**PROVIDED MATERIAL**

────────

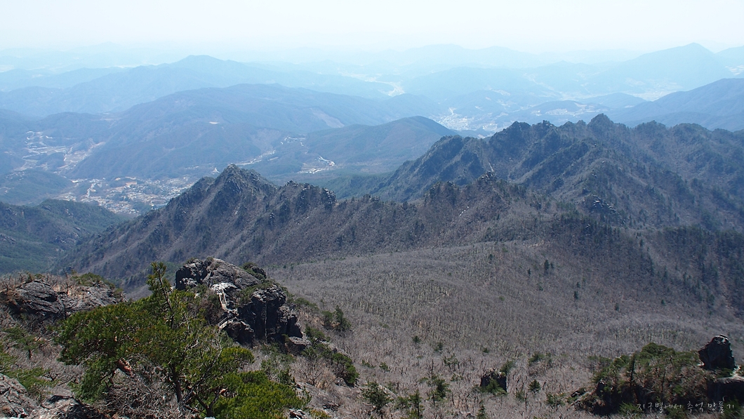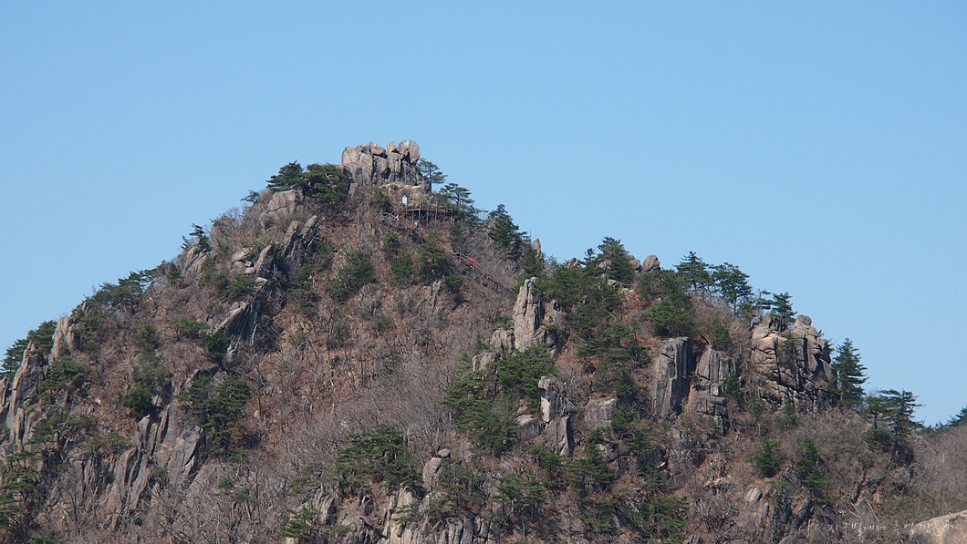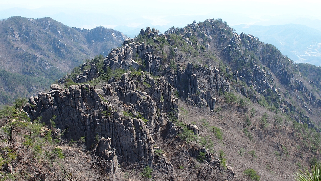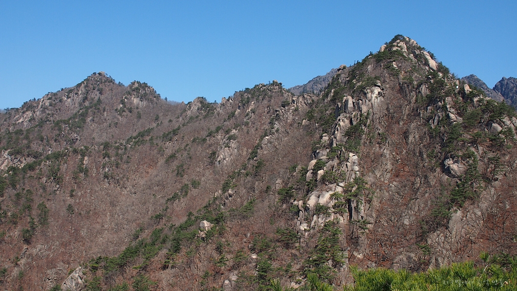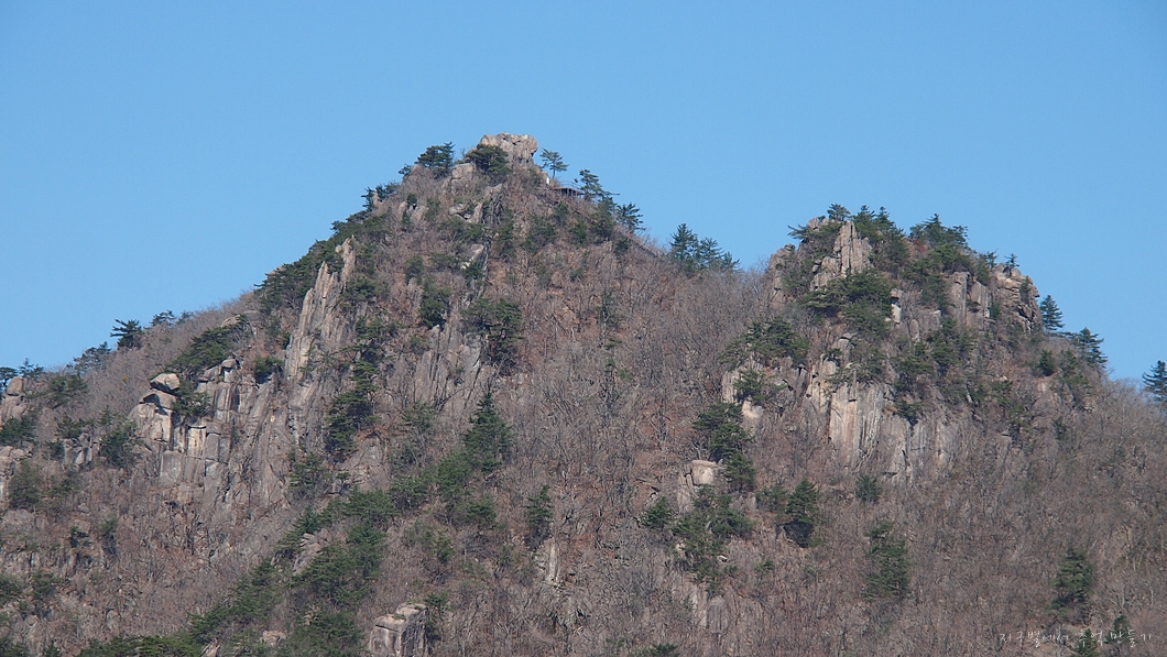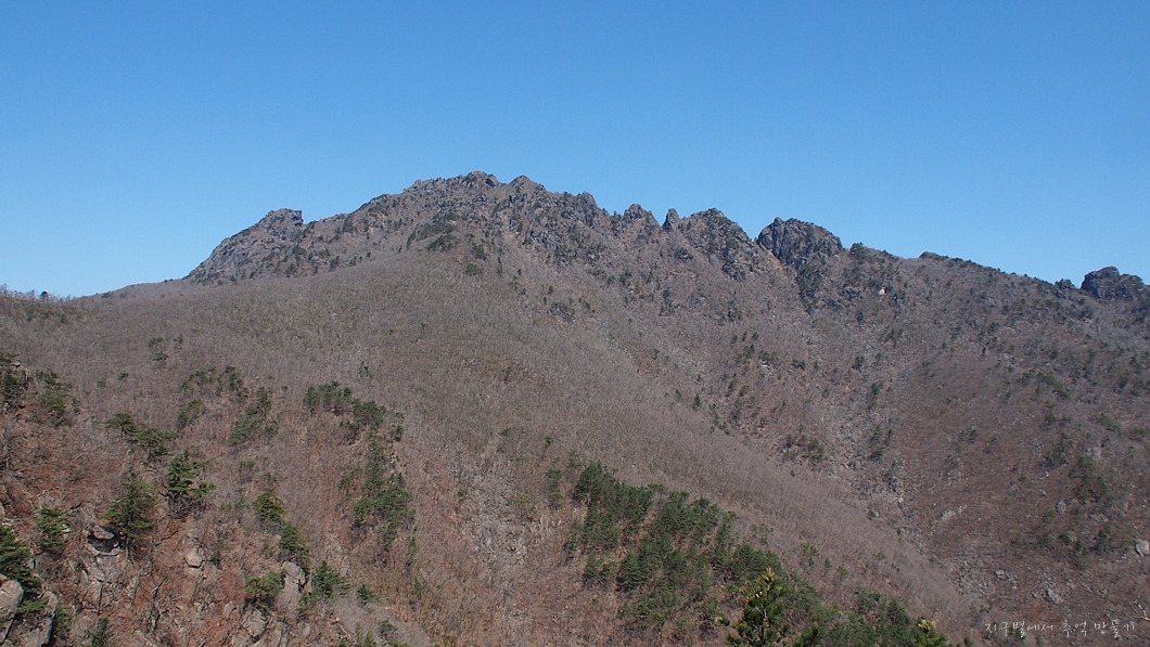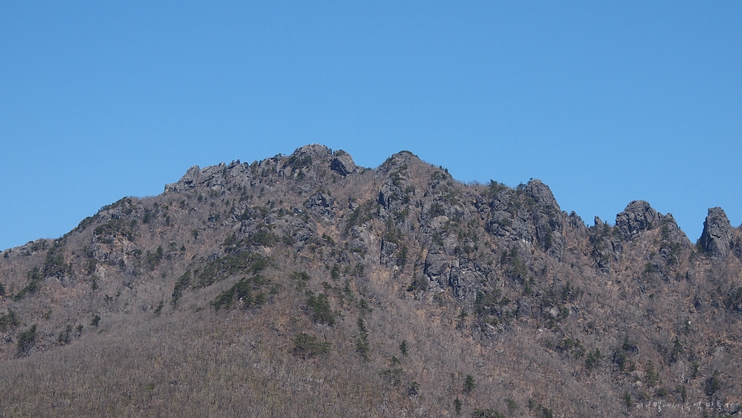 상단 능선에서 좌측으로 멧돼지 주뎅이처럼 생긴 바위봉은 봉천대라고 하는데 바로 그 위가 상왕봉이고 이곳에서는 보이지 않습니다.
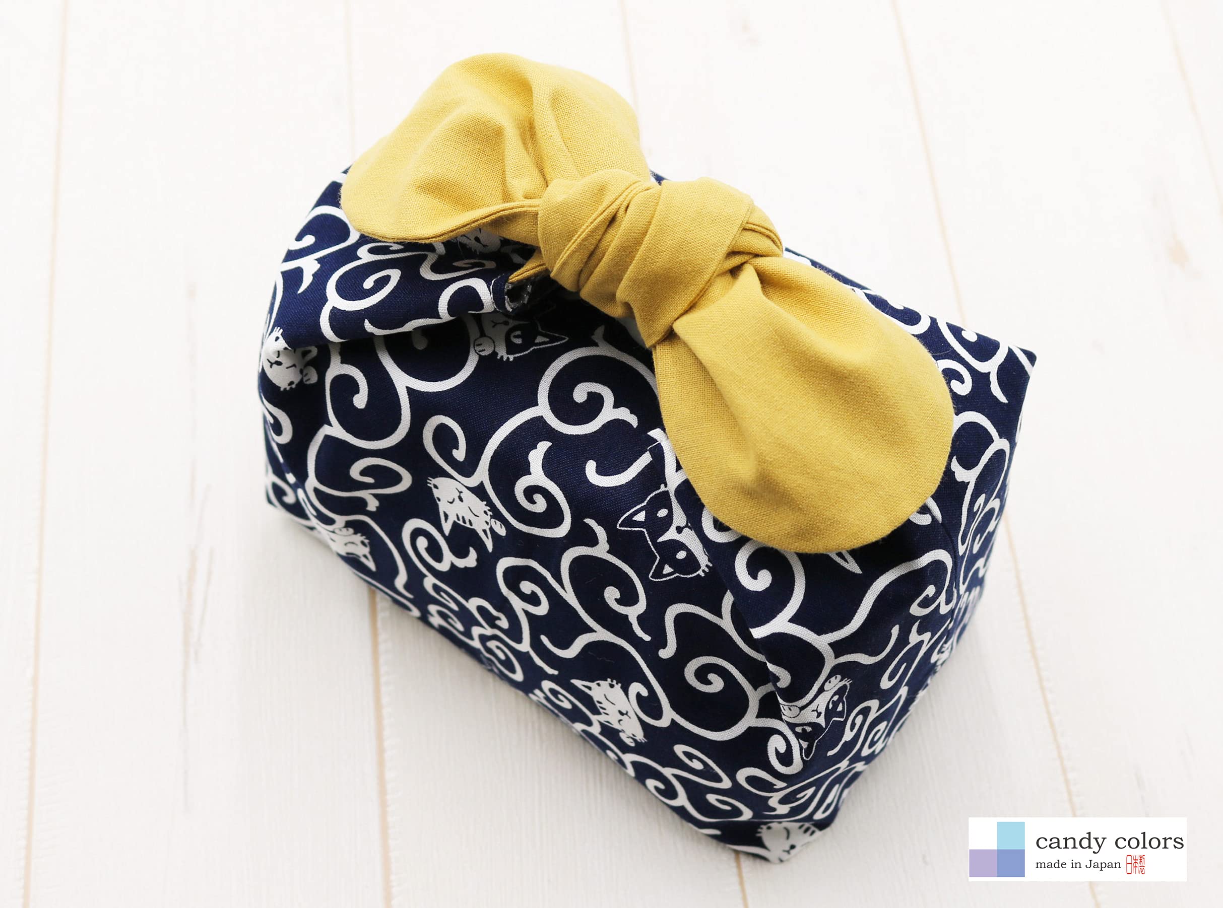 【在庫セール】お弁当袋 保冷保温 ランチバッグ 紐なし 結ぶタイプ あづま袋 リボン 和柄 (ネコ唐草 紺)
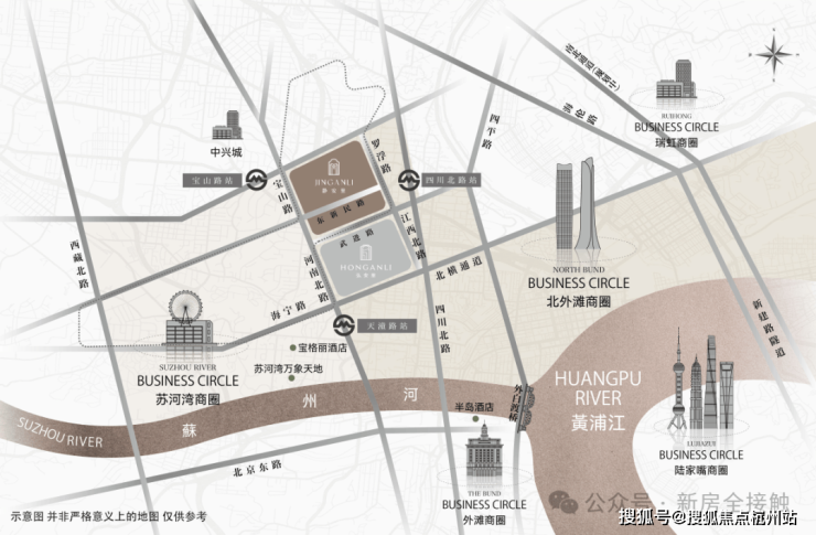 商业方面:3公里范围内,汇聚苏河湾万象天地、北外滩商圈、瑞虹商圈、南京西路商圈、外滩商圈、陆家嘴商圈等,东南侧步行可达18街坊,西南侧在建安康苑、湾上综合体地块。
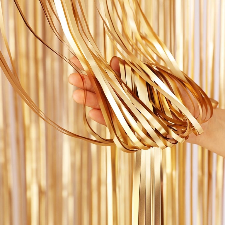 The party curtain will add style to your party. This matte curtain is suitable for decorating a photo booth, birthday or wedding celebration. It is made of aluminium foil.

────────

What you give back must match the material word for word, with no images included.

**ANSWER BOX**
 상단 능선에서 좌측으로 멧돼지 주뎅이처럼 생긴 바위봉은 봉천대라고 하는데 바로 그 위가 상왕봉이고 이곳에서는 보이지 않습니다.
 【在庫セール】お弁当袋 保冷保温 ランチバッグ 紐なし 結ぶタイプ あづま袋 リボン 和柄 (ネコ唐草 紺)
 商业方面:3公里范围内,汇聚苏河湾万象天地、北外滩商圈、瑞虹商圈、南京西路商圈、外滩商圈、陆家嘴商圈等,东南侧步行可达18街坊,西南侧在建安康苑、湾上综合体地块。
 The party curtain will add style to your party. This matte curtain is suitable for decorating a photo booth, birthday or wedding celebration. It is made of aluminium foil.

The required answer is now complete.